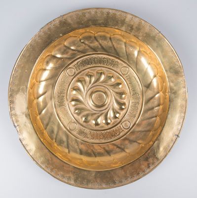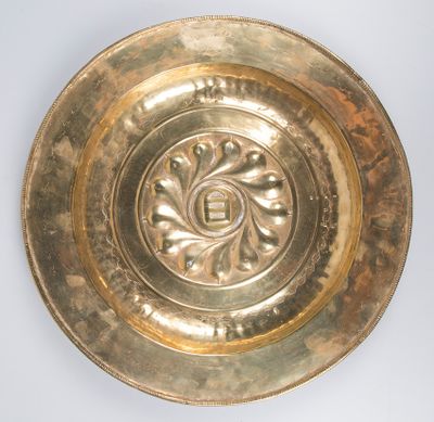 Large alms dish in gilded and embossed brass. Nuremberg. Ger…
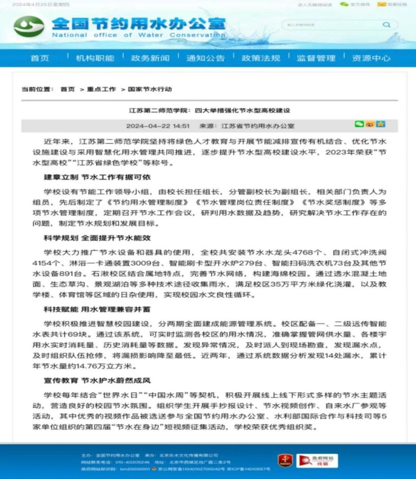 2023年我校荣获“节水型高校”“江苏省绿色学校”等称号。我校对创建过程中的做法和经验进行总结,全国节约用水办公室报道了我校具体做法。
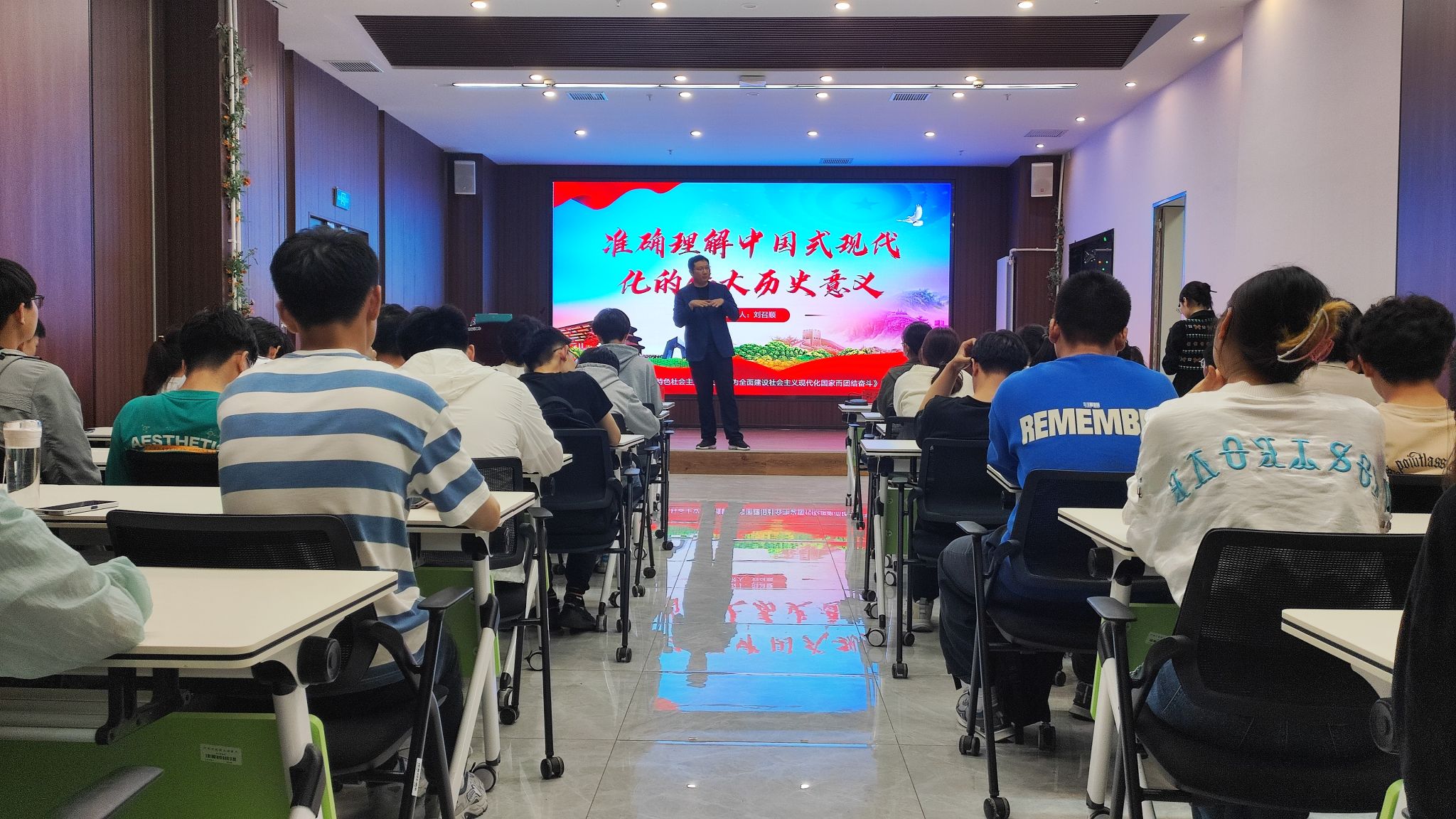 刘召顺老师首先带领同学们从实践基础、思想引领、使命任务、部署工作和加强领导等五个方面向同学们讲解了党的二十大报告的主题内容和深刻含义。接着,刘老师从身边实例和各类数字材料出发,以小见大的为同学们讲解中国式现代化和西方国家现代化之间的区别,并鼓励同学们读原著、学原文、悟原理,学深读懂悟透,在践行中做到知行合一。随后,刘老师通过讲解中国共产党百年征程中重大历史事件进一步坚定了大家爱党敬党、永远跟党走的信念,鼓舞同学们要肩负起当代青年的时代责任,在青春赛道上展现自己的风采。
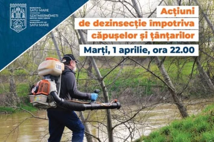 Primăria Municipiului Satu Mare anunță că marți, 1 aprilie, după ora 22.00, are loc o acțiune de dezinsecție împotriva căpușelor și a țânțarilor.
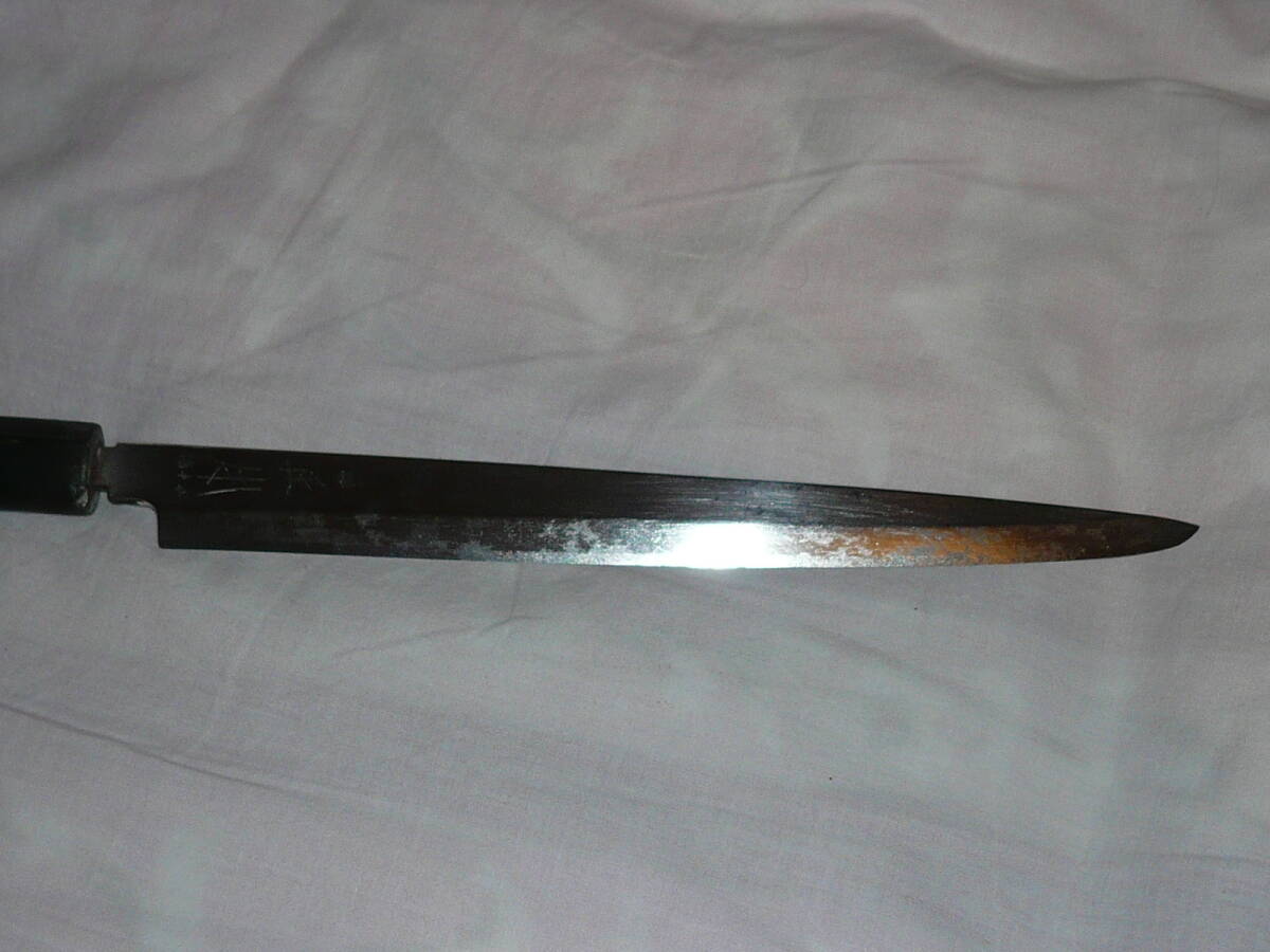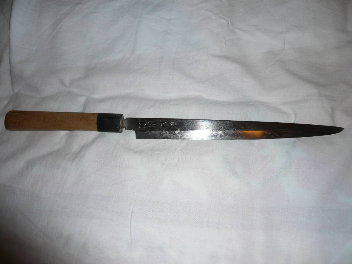 正本 刺身包丁 鋼 全長41cm 刃長 26cm 重量 200g 刃幅 2.8cm 中古 見た目では大きな刃こぼれはありません
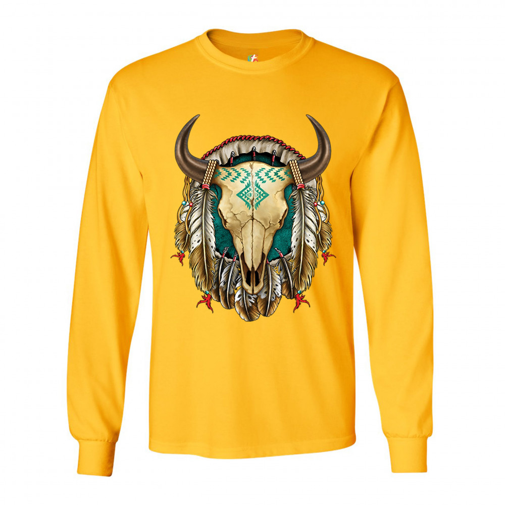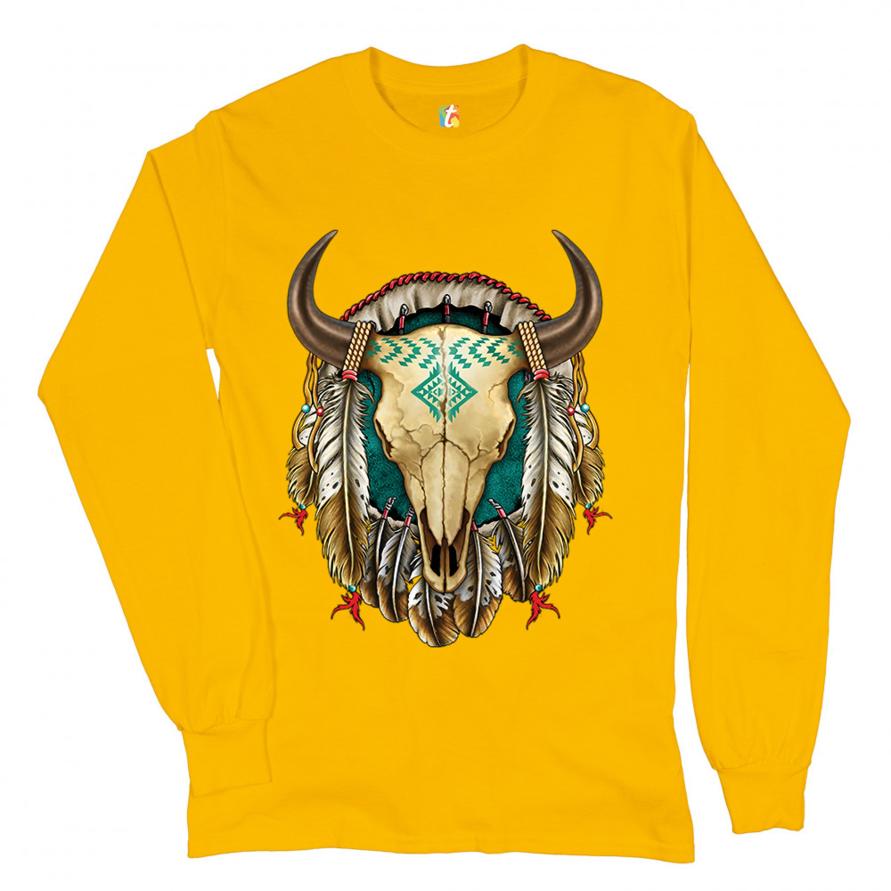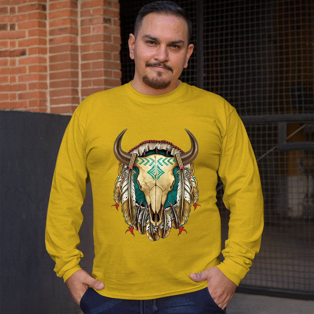 STEER SKULL DREAMCATCHER long sleeve t-shirt native american indigenous culture yellow
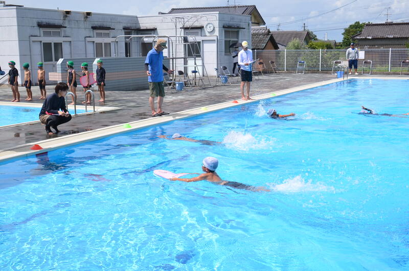 この水泳教室は八代小体連の年間行事で毎年開いていますが、多くの子供たちが泳ぎを上達させ、目標を達成させる素晴らしい水泳教室ですので、来年も子供たちが目標達成をめざし、たくさん参加することを期待しています。
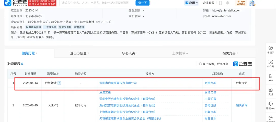 公开资料显示,穿越者成立于2023年1月11日,是中国首家集可重复使用载人飞船研制与太空旅游运营为一体的商业航天企业,创始人、CEO为雷诗情。据媒体报道,她此前曾是央视《逐梦太空》商业航天专题系列片的主持人。公司计划3-4年首先完成亚轨道可重复使用载人飞船研制,旗下的“穿越者壹号(CYZ1)”预计将在2028年实现载人首飞,这也是国内首艘商业载人飞船。
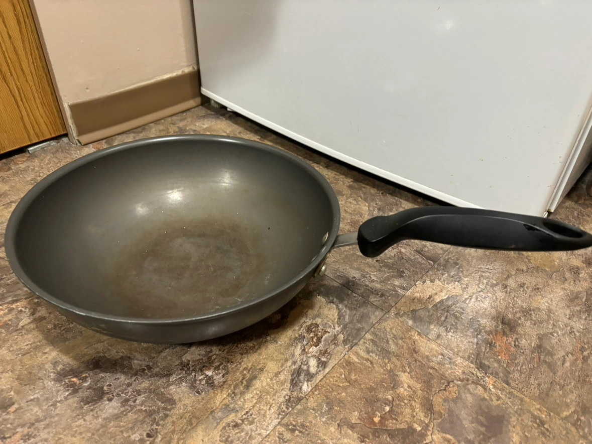 This is a 12 inch wok with a black handle. It is made of a hard-anodized aluminum. It has a ridged bottom. It is in good condition. The wok is 29 cm in diameter Pick it up near Richmond Centre
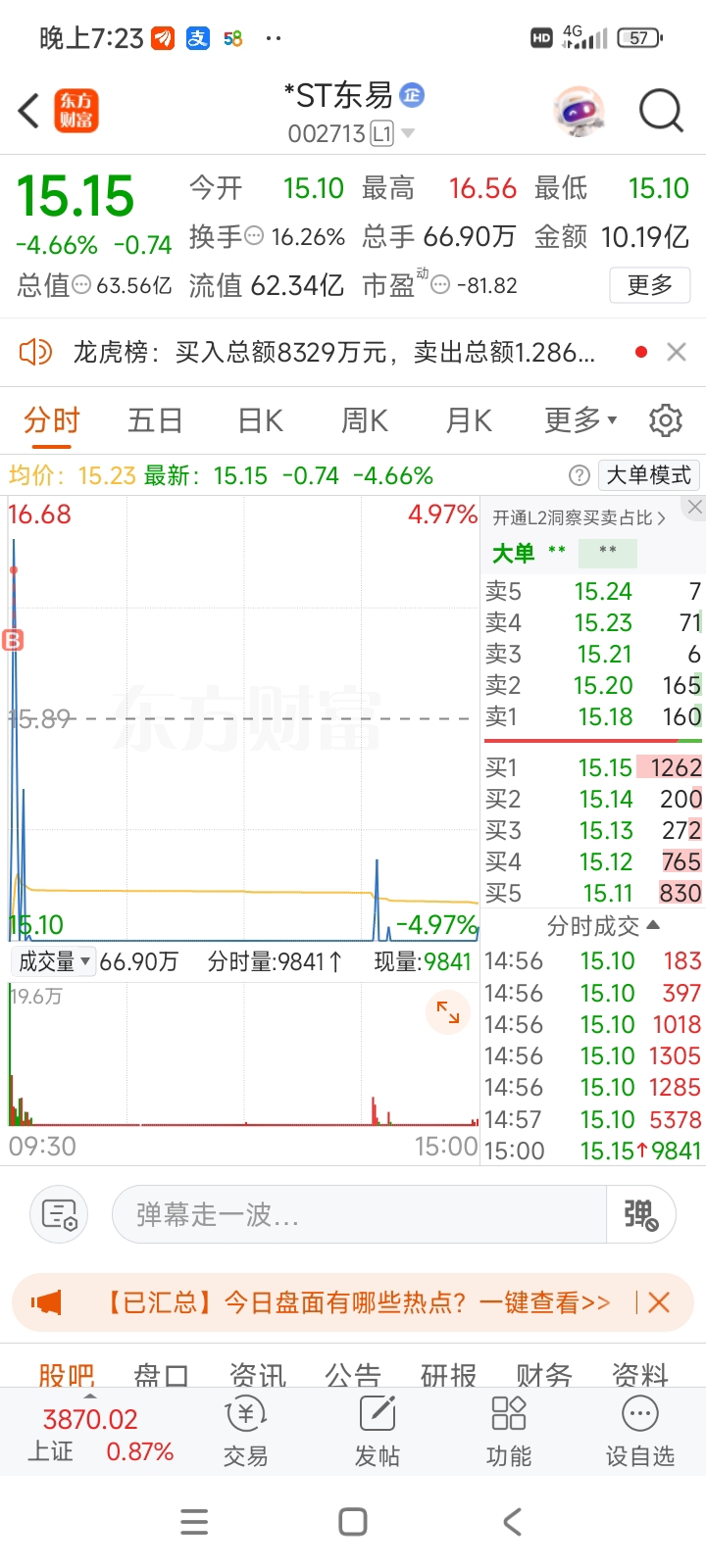 $*ST东易(SZ002713)$ 接着跌,主力说了算
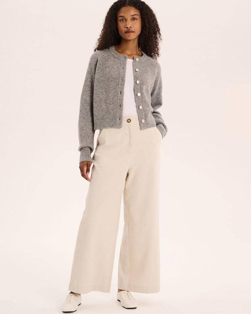 Cocok untuk kamu kenakan ke daerah bercuaca dingin, coba kombinasikan kaus atau tank top polos dengan cardigan berbahan wool yang memberikan kehangatan ekstra, dan detail tekstur yang menawan. Tambahkan celana panjang bergaya ala kulot, dengan ciri khas bagian bawah kaki yang melebar.
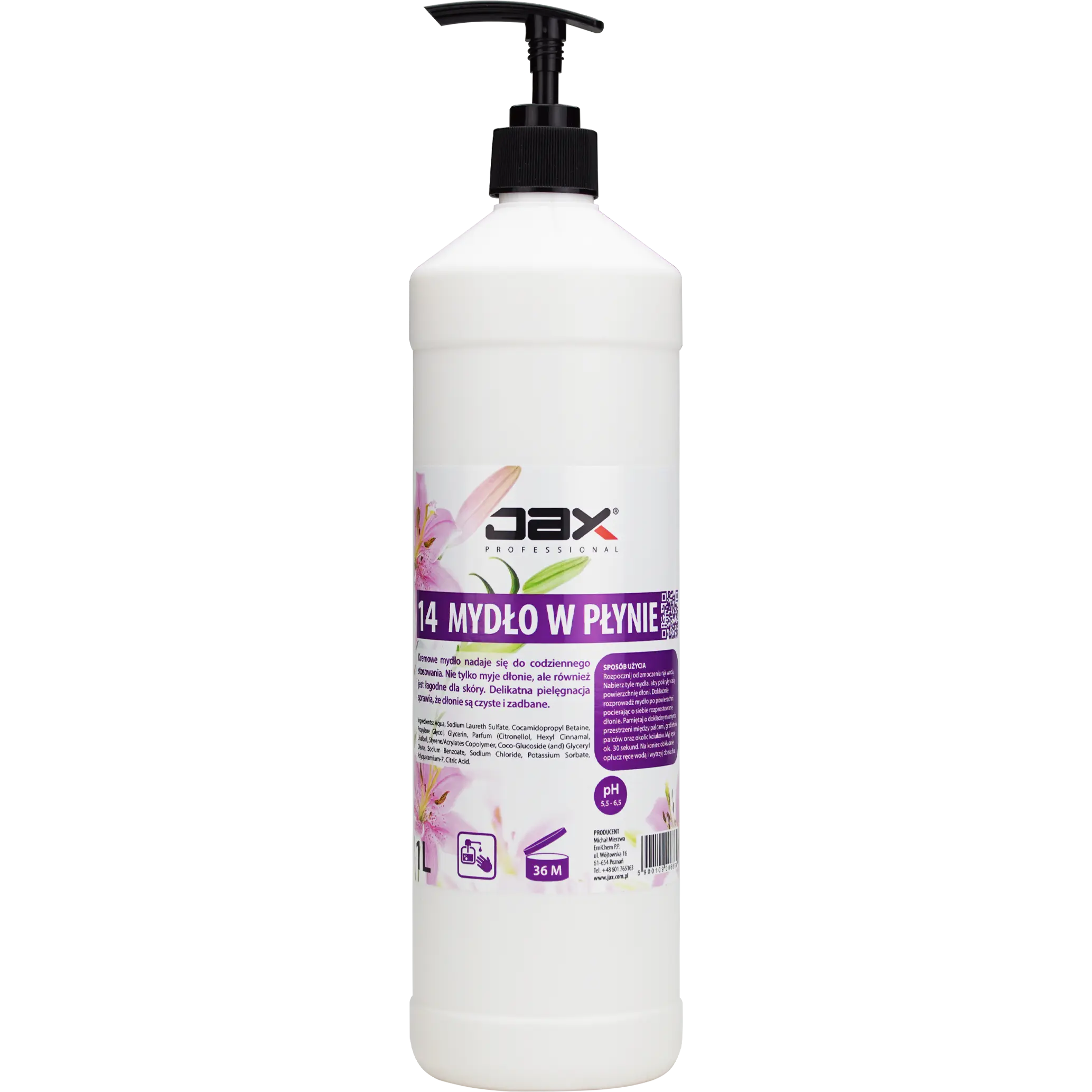 JAX PROFESSIONAL 14 1L - MYDŁO W PŁYNIE kremowe, delikatne do higienicznego mycia rąk i ciała, nie wysusza skóry, do mycia twarzy, do mycia włosów, z efektem bakteriobójczym
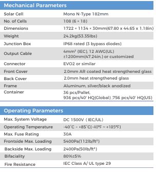 High Conversion Efficiency Module efficiency up to 22.8% based on N-Type wafer and advanced N-Type cell technology Excellent Energy Yield More power output in field operation due to better thermal behaviors, weak-light performance and bifaciality Outstanding Anti-degradation Unsusceptible to LID, LeTID and less annual degradation due to special charateristics of N-Type Quality Guarantee High module quality ensures long-term reliability.
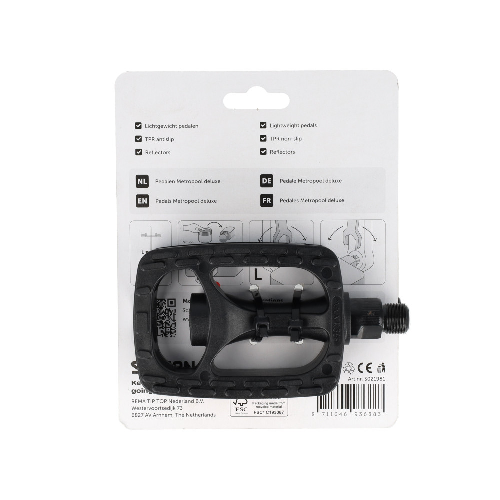 The king among city bike pedals. The Metropool De Luxe pedal is a robust and luxuriously finished pedal, designed for intensive use. The double-sided gray anti-slip layer ensures that your feet never slip off the pedals, even when accelerating powerfully on an e-bike.
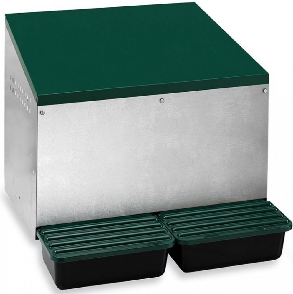 Venkovní snáškové hnízdo pro slepice se sběrným košíkem na vejce dvoumístné, až pro 10 nosnic (5 nosnic na jednu kukaň), dno hnízda je spádované, vejce se samo odkutálí do sběrného košíku, vyrobené z pozinkovaného kovu s plastovým dnem, barva zelená. Jednoduché připevnění z vnější části kurníku, velice snadná údržba č...
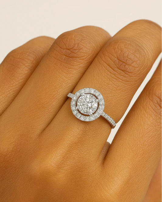 Halo Ring with Round Brilliant-Cut Cubic Zirconia
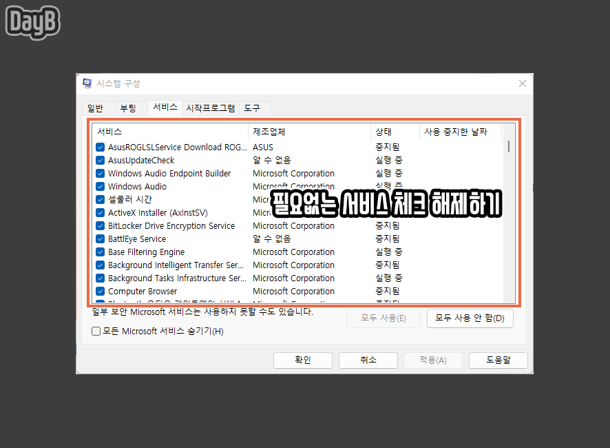 하지만 윈도우 구동을 위해서는 필수적인 서비스들이 존재하는데, 이들을 분류하기 어렵다면 하단에 있는 '모든 Microsoft 서비스 숨기기'를 체크하여 윈도우 서비스들을 제외한 타사 서비스만 분류하여 정리할 수 있습니다.
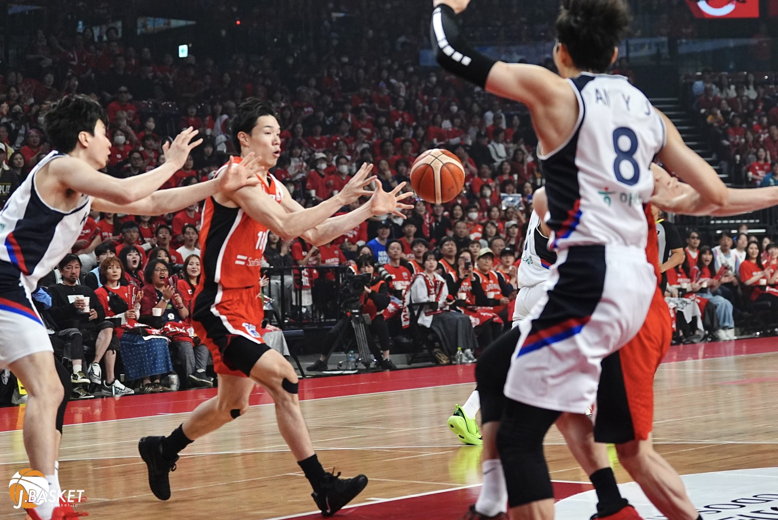 ワールドカップ予選となった日韓戦は、伝統的に熱を帯びる一戦。この日も一進一退の攻防を繰り返し、コート上の激しいプレーと沖縄の大声援が重なり、会場は最高潮の雰囲気に包まれた。

• _Task item_
Output only the lines above from the one containing "STEER SKULL DREAMCATCHER" to the one containing "하지만 윈도우 구동을", both included, exactly as written and with no pictures.

• _Exercise result_
 STEER SKULL DREAMCATCHER long sleeve t-shirt native american indigenous culture yellow
 この水泳教室は八代小体連の年間行事で毎年開いていますが、多くの子供たちが泳ぎを上達させ、目標を達成させる素晴らしい水泳教室ですので、来年も子供たちが目標達成をめざし、たくさん参加することを期待しています。
 公开资料显示,穿越者成立于2023年1月11日,是中国首家集可重复使用载人飞船研制与太空旅游运营为一体的商业航天企业,创始人、CEO为雷诗情。据媒体报道,她此前曾是央视《逐梦太空》商业航天专题系列片的主持人。公司计划3-4年首先完成亚轨道可重复使用载人飞船研制,旗下的“穿越者壹号(CYZ1)”预计将在2028年实现载人首飞,这也是国内首艘商业载人飞船。
 This is a 12 inch wok with a black handle. It is made of a hard-anodized aluminum. It has a ridged bottom. It is in good condition. The wok is 29 cm in diameter Pick it up near Richmond Centre
 $*ST东易(SZ002713)$ 接着跌,主力说了算
 Cocok untuk kamu kenakan ke daerah bercuaca dingin, coba kombinasikan kaus atau tank top polos dengan cardigan berbahan wool yang memberikan kehangatan ekstra, dan detail tekstur yang menawan. Tambahkan celana panjang bergaya ala kulot, dengan ciri khas bagian bawah kaki yang melebar.
 JAX PROFESSIONAL 14 1L - MYDŁO W PŁYNIE kremowe, delikatne do higienicznego mycia rąk i ciała, nie wysusza skóry, do mycia twarzy, do mycia włosów, z efektem bakteriobójczym
 High Conversion Efficiency Module efficiency up to 22.8% based on N-Type wafer and advanced N-Type cell technology Excellent Energy Yield More power output in field operation due to better thermal behaviors, weak-light performance and bifaciality Outstanding Anti-degradation Unsusceptible to LID, LeTID and less annual degradation due to special charateristics of N-Type Quality Guarantee High module quality ensures long-term reliability.
 The king among city bike pedals. The Metropool De Luxe pedal is a robust and luxuriously finished pedal, designed for intensive use. The double-sided gray anti-slip layer ensures that your feet never slip off the pedals, even when accelerating powerfully on an e-bike.
 Venkovní snáškové hnízdo pro slepice se sběrným košíkem na vejce dvoumístné, až pro 10 nosnic (5 nosnic na jednu kukaň), dno hnízda je spádované, vejce se samo odkutálí do sběrného košíku, vyrobené z pozinkovaného kovu s plastovým dnem, barva zelená. Jednoduché připevnění z vnější části kurníku, velice snadná údržba č...
 Halo Ring with Round Brilliant-Cut Cubic Zirconia
 하지만 윈도우 구동을 위해서는 필수적인 서비스들이 존재하는데, 이들을 분류하기 어렵다면 하단에 있는 '모든 Microsoft 서비스 숨기기'를 체크하여 윈도우 서비스들을 제외한 타사 서비스만 분류하여 정리할 수 있습니다.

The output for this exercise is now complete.